Но он не успел договорить до конца: вернувшиеся слуги объявили, что Атли ждет их в пиршественном зале.

— Я рад снова видеть тебя, Гуннар, рад встретиться и с тобой, Хогни, — с деланным радушием приветствовал Гьюкингов старый вождь, идя к ним навстречу. — Я слышал от Винги, что ему стоило немалых трудов уговорить вас приехать. Чем заслужил я такую неприязнь своих старых друзей и соседей?

— Ты ошибаешься, Атли, или смеешься над нами, — возразил Гуннар. — О какой неприязни ты говоришь, когда мы с тобой дважды родственники? Ты забыл, что я муж твоей покойной сестры, а ты женат на Гудрун?

— Да, да, ты прав, мы родственники, — согласился гунн все так же добродушно и ласково. — И я повторяю, что рад приветствовать вас у себя, хотя за тобой небольшой долг, Гуннар, за тобой и за Хогни.

— Что это за долг, Атли? — спросил Гуннар, делая вид, что не понимает, о чем идет речь.

Атли быстро оглядел зал, который тем временем наполнили вооруженные до зубов гуннские воины.

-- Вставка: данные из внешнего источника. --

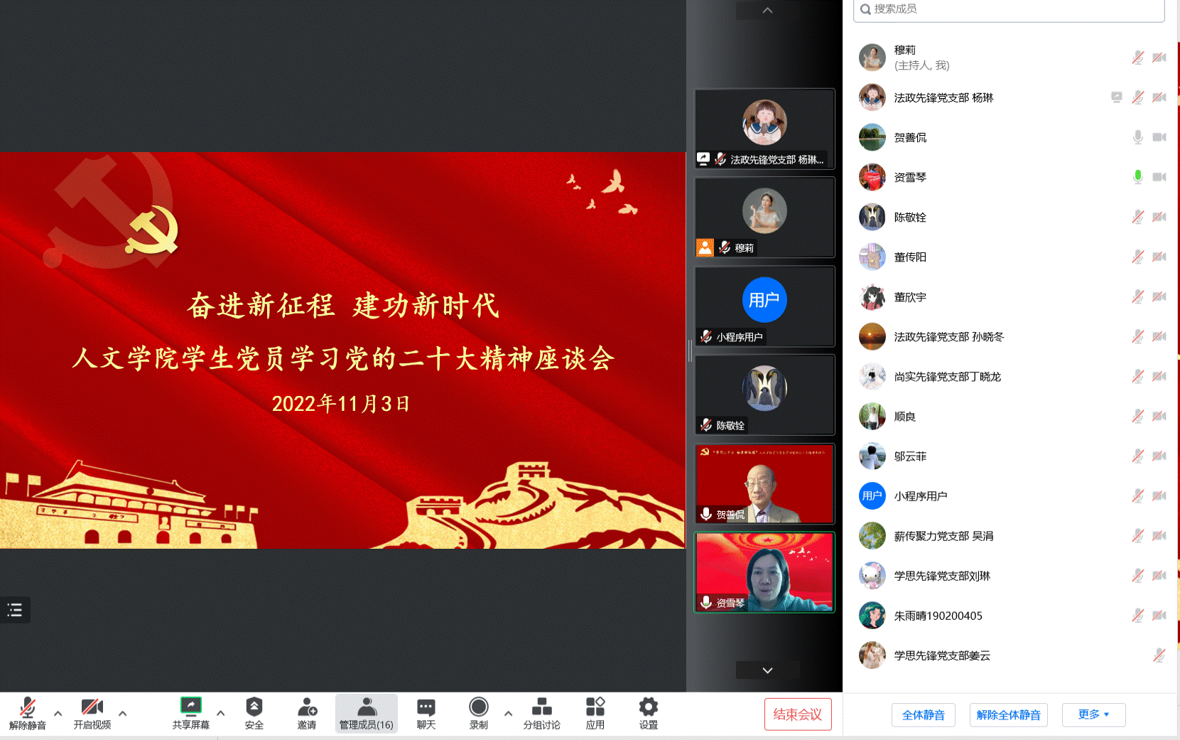 资雪琴在主持中指出,将通过专家辅导报告、专题学习研讨、理论宣讲会、红色足迹寻访等形式多样、内涵丰富的活动,继续引导学生深入学习党的二十大报告。与会党员纷纷表示,党的二十大是一次高举旗帜、凝聚力量、团结奋进的大会,大家将把深入学习宣传贯彻党的二十大精神,作为当前和今后一个时期的首要政治任务,用先进的思想理论武装头脑,不断提高思想认识,坚定理想信念,掌握专业知识,指导学习、工作和实践,切实将理论学习成果化为勇毅前行的不竭动力,不断增强志气、骨气、底气。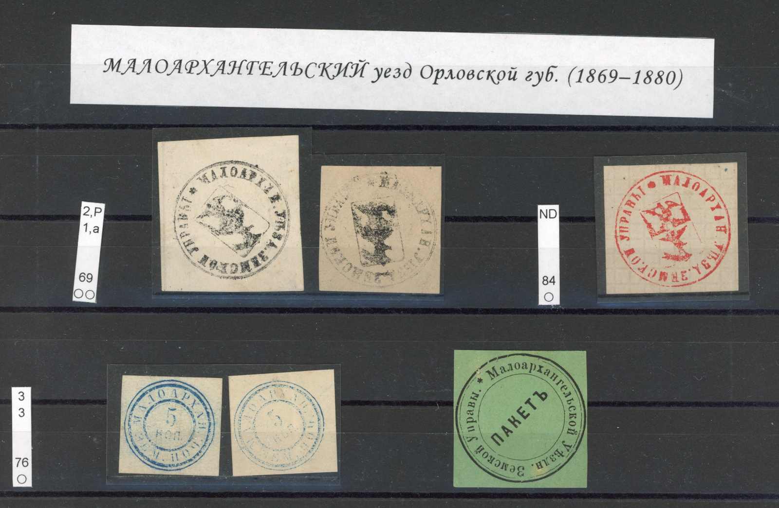 MALOARKHANGELSK: 1869/76, kl. ungebr. Sammlung, einige Werte auch ohne Gummi, dabei Nr. 1 a auf weißem Papier und im Neudruck in rot, Nr. 2 a auf gelblichem Papier, 2 Werte der Nr. 3 und eine Paketmarke ohne Nennwert, auf großer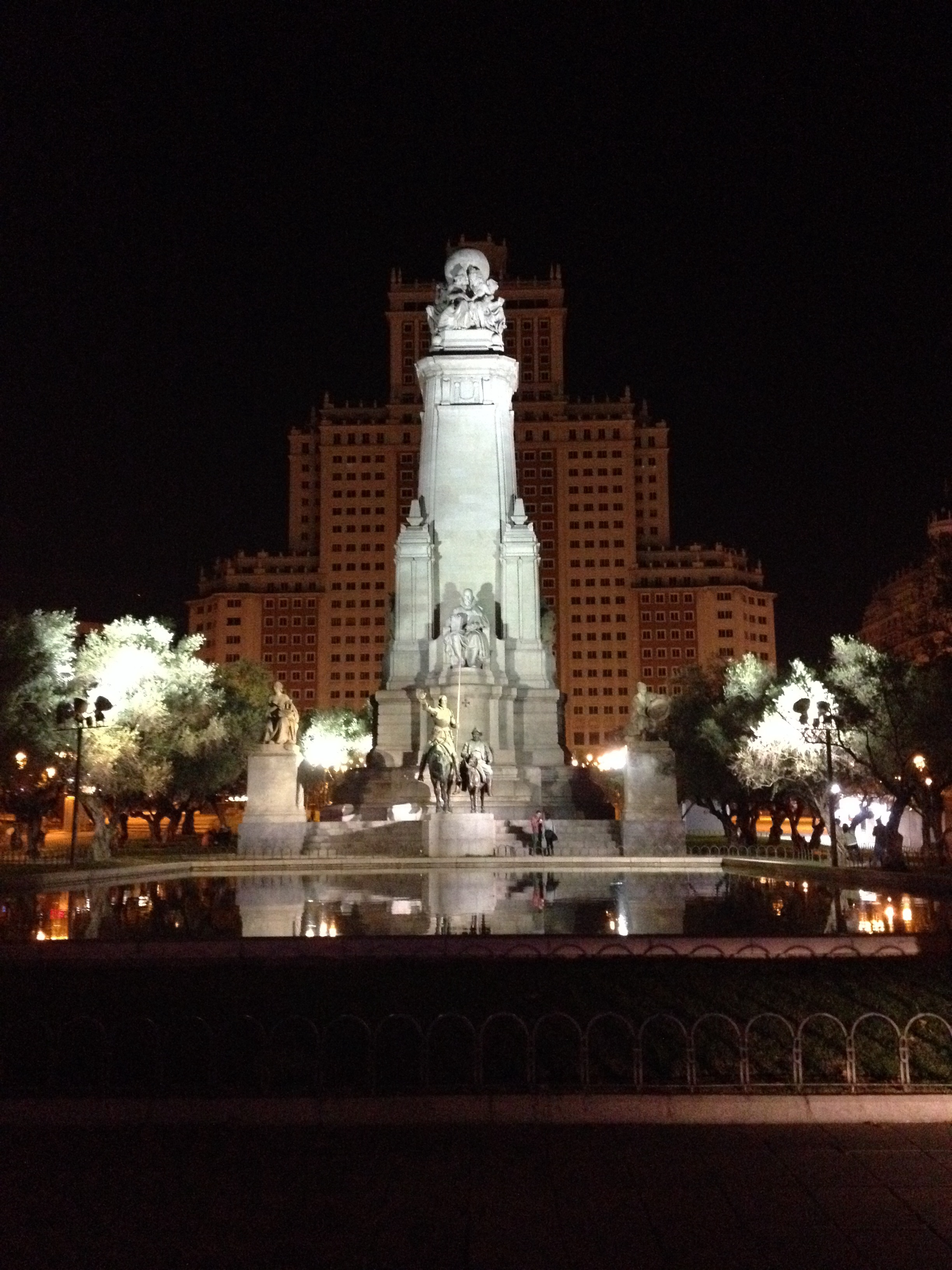 Monumentet över Cervantes nattetid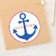 This preppy vinyl sticker features a classic nautical anchor in blue on white with an accent of red. Personalize with your choice of name or special text. Great for personalized gift bags and party favors.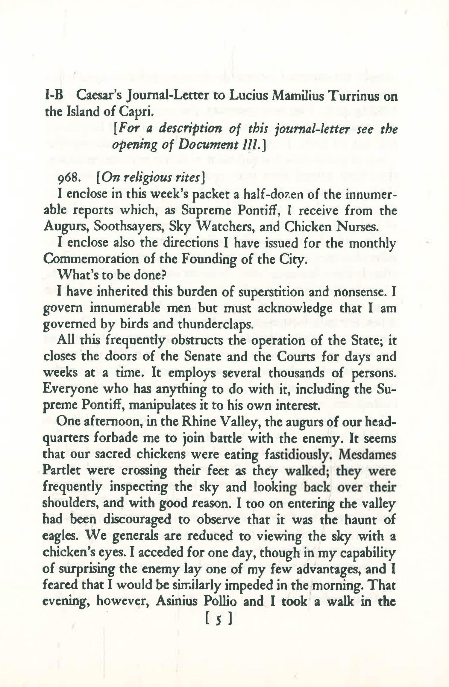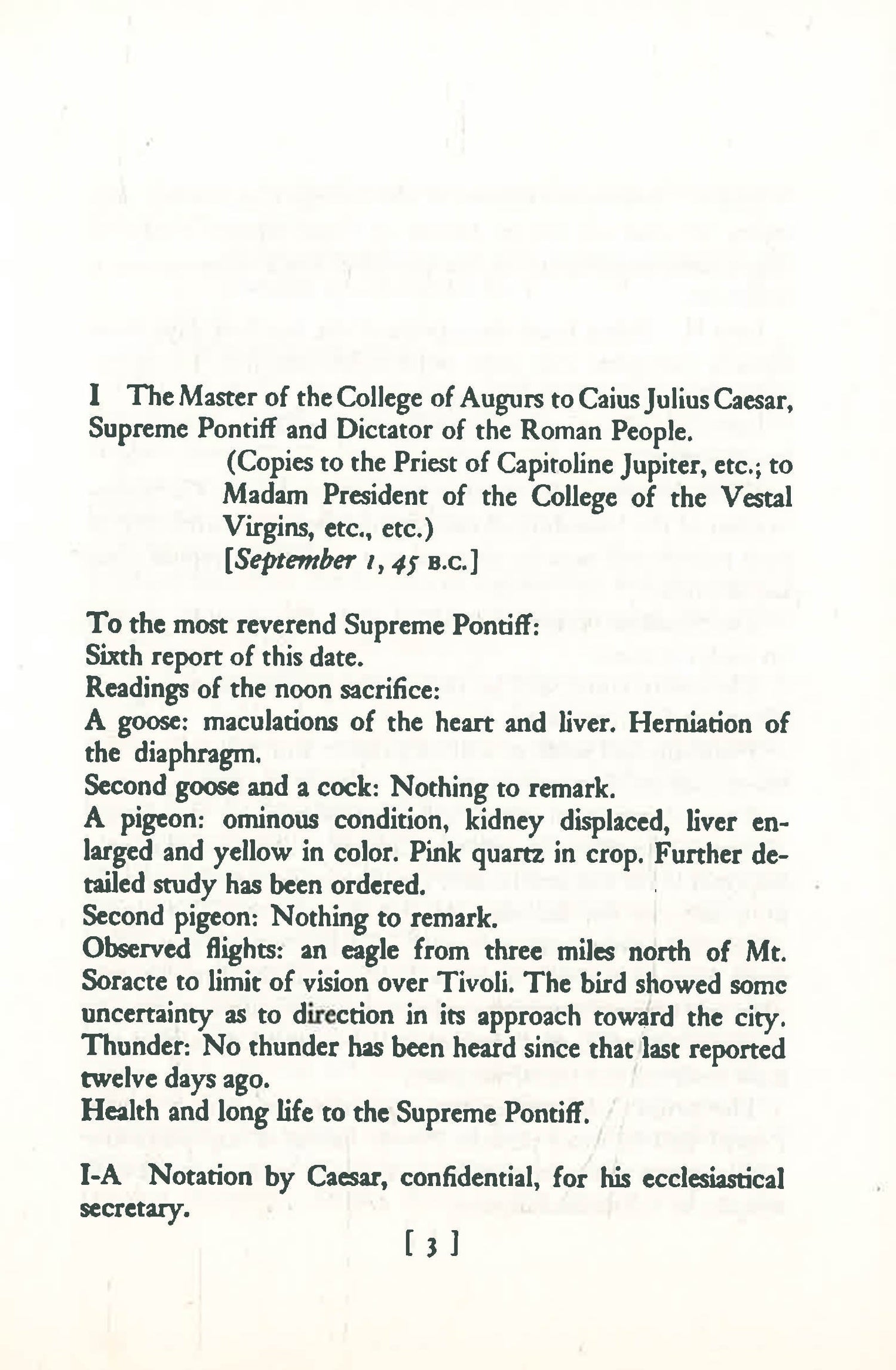 In this novel, the Caesar of history becomes Caesar the human being as he appeared to his family, his legions, his Rome, and his empire in the months just before his death. In Wilder’s inventive narrative, all Rome comes crowding through his pages: Romans of the slums, of the villas, of the palaces, brawling youths and noble ladies and prostitutes, and the spies and assassins stalking Caesar in his Rome.

— Вот уже больше года, как Брунхильд умерла, Гуннар, сказал он, садясь на свой трон и движением руки приглашая Гьюкингов приблизиться, — умерла по твоей вине, а ты до сих пор не прислал мне выкупа за ее смерть.

— Брунхильд сама пронзила себе грудь мечом Сигурда, — отвечал молодой король. — Я виноват лишь в том, что не успел удержать ее руку. Если же ты думаешь иначе, то разве моя сестра, которую я отдал тебе в жены, не стоит твоей?

— Как я могу порочить ту, которая родила мне сына, опять улыбнулся Атли. — Я благодарю тебя за жену, шурин, но ты и тут обманул меня, и обманул жестоко. У Сигурда было много золота, почему же Гудрун привезла с собой только одно кольцо?

— Золото Сигурда досталось мне и моему брату, — спокойно промолвил Гуннар. — Сестра сама отдала его нам.

— Она сама отдала его вам? — насмешливо переспросил гунн.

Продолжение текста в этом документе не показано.